Et c’est parce qu’elle est lumière de la nuit, mais aussi parce que toutes les croyances humaines ont attribué à la lune un pouvoir maléfique, une influence néfaste sur les hommes, que la lune hante les récits fantastiques, les histoires terrifiantes. La lune fait peur ou du moins elle l’accompagne, l’assaisonne, l’enclenche.

Devenue cliché du roman gothique, la lune a longtemps été rendue coupable de la métamorphose des loups-garous et autres
êtres de la nuit. Lumière commode pour les monstres obscurs, éclairant opportunément leurs forfaits nocturnes, la lune permet aussi de révéler ce qui devrait être caché. À ce titre elle est aussi une lumière de l’interdit. D’autant plus qu’elle ne permet pas de voir, qu’elle n’autorise qu’à deviner, à soupçonner. Elle est donc le ferment de l’inquiétude. Inversion du monde réel, elle est l’alliée naturelle des chimères, elle maintient nos yeux entrouverts et libère, en leur donnant forme, nos angoisses partagées.

Appel du Cosmos

« Il y avait certes maintenant, comme alors, la splendeur antique inchangée d’une lune, cruellement, mystérieusement sereine, qui versait aux monuments encore intacts l’inutile beauté de sa lumière. » (Proust)
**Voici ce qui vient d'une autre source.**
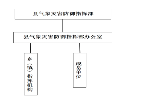 县人民政府设立县气象灾害防御指挥部(以下简称县指挥部),指挥部下设办公室为其办事机构,办公室设在县气象局。气象灾害防御组织体系见下图:
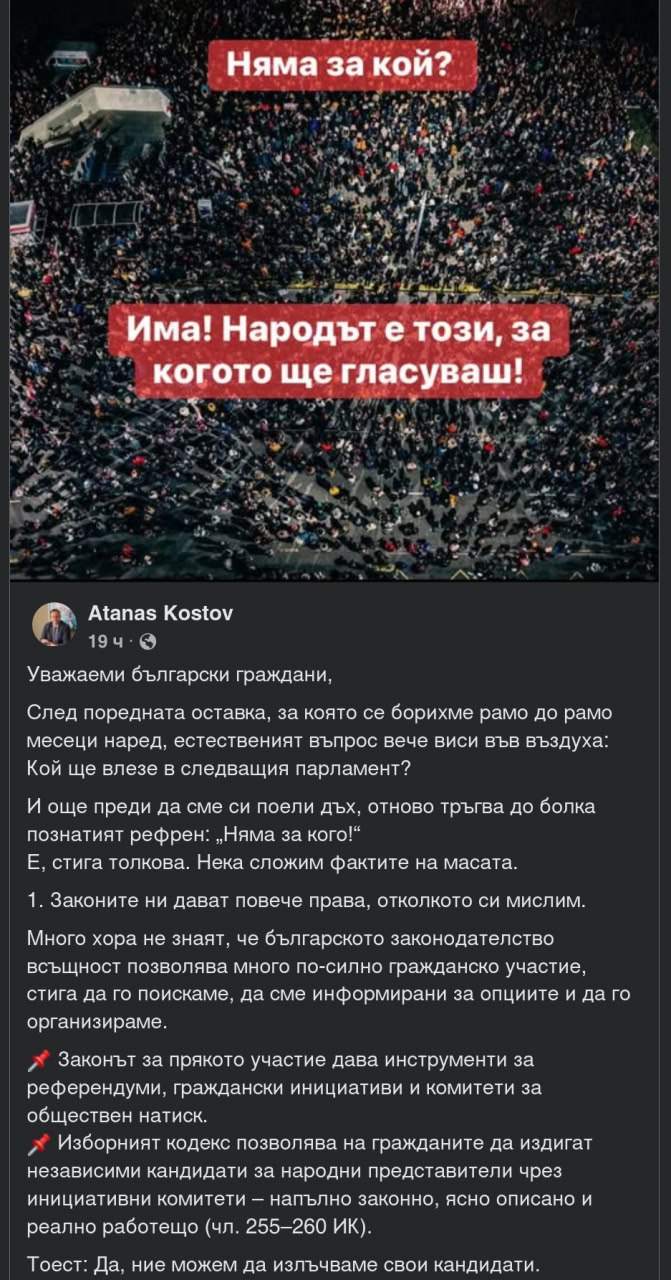 Но тази развръзка на постановката ще породи и плаха надежда у някои хора, че може би все пак има светлина в края на точно този много тъмен тунел и може някои от тях да отидат до бюлетинаджииниците този път, преди да се отчаят отново и да се откажат съвсем. Работата си върви по същия прозрачен сценарий.

Il paraît difficile, au terme de ce parcours, de définir une lune littéraire unique, tant les créations où elle figure et tant ses manifestations, de l’objet central de l’œuvre à un simple éclairage, à une notation d’atmosphère, sont diverses. Plutôt alors que de rechercher une lune, c’est cette profusion d’aspects qui est signifiante. La lune, les deux faces de la lune, pourraient être à l’image de deux versants indissociables de l’esprit humain :
un versant scientifique, qui cherche à connaître, un versant imaginaire qui continue à rêver. Un point de ralliement de ces divers courants pourrait être envisagé avec prudence. Parce qu’elle fut, historiquement pour l’humanité entière, et à chaque nuit pour chaque homme, une image de ce que l’on peut contempler sans pouvoir l’atteindre, la lune cristallise les désirs.

Il paraît alors logique qu’elle traverse, sans décliner, les romans et la poésie. Elle est le symbole vivant car inaltérable, ou plutôt toujours recommencé, de notre capacité à vouloir. Si l’on ne saura jamais décrocher la lune, la parole qui le fait, l’œuvre qui nous le permet, suffisent à nous donner à voir la lune pour ce qu’elle est : un être visible-invisible, qui, une fois atteint, nous échappe encore.